Supports two call signatures:
marginal('X', 'Y')– positional variable namesmarginal(['X', 'Y'])– list of names (or integer indices)
- Parameters:
*args (str, or a single list/tuple) – The free variable names to keep. Integer indices are auto-resolved to dimension names.
- Returns:
result
- Return type:
Distribution
- Distribution.marginalize(*args)[source]
Marginalise out (remove) the specified free variables.

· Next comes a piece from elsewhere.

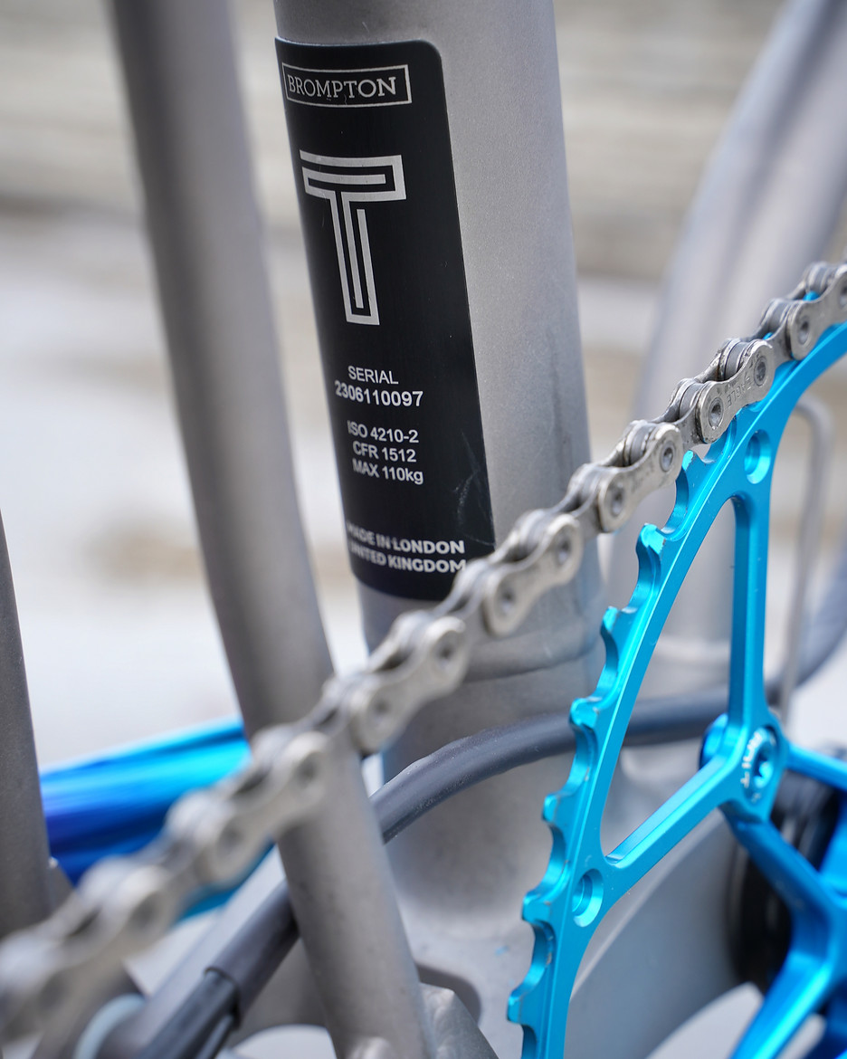 Als Ausgangsbasis dient ein Brompton T-Line Faltradrahmen. im Album Twisted Wheels Brompton

Supports two call signatures:
marginalize('X')– positional variable namesmarginalize(['X'])– list of names (or integer indices)
- Parameters:
*args (str, or a single list/tuple) – The free variable names to remove.
- Returns:
result
- Return type:
Distribution
Conditional
We can also condition on a subset of random variables:
In [5]: marginal, cdists = d.condition_on(['X', 'Y'], rvs=['Z'])
In [6]: print(marginal)
Class: Distribution
Alphabet: (('0', '1'), ('0', '1'))
Base: linear
x p(X,Y)
('0', '0') 1/4
('0', '1') 1/4
('1', '0') 1/4
('1', '1') 1/4
In [7]: print(cdists[0]) # XY = 00
Class: Distribution
Alphabet: (('0', '1'),)
Base: linear
x p(Z)
('0',) 1
In [8]: print(cdists[1]) # XY = 01
Class: Distribution
Alphabet: (('0', '1'),)
Base: linear
x p(Z)
('1',) 1
In [9]: print(cdists[2]) # XY = 10
Class: Distribution
Alphabet: (('0', '1'),)
Base: linear
x p(Z)
('1',) 1
In [10]: print(cdists[3]) # XY = 11
Class: Distribution
Alphabet: (('0', '1'),)
Base: linear
x p(Z)
('0',) 1
- Distribution.condition_on(*cond_vars, rvs=None, crvs=None)[source]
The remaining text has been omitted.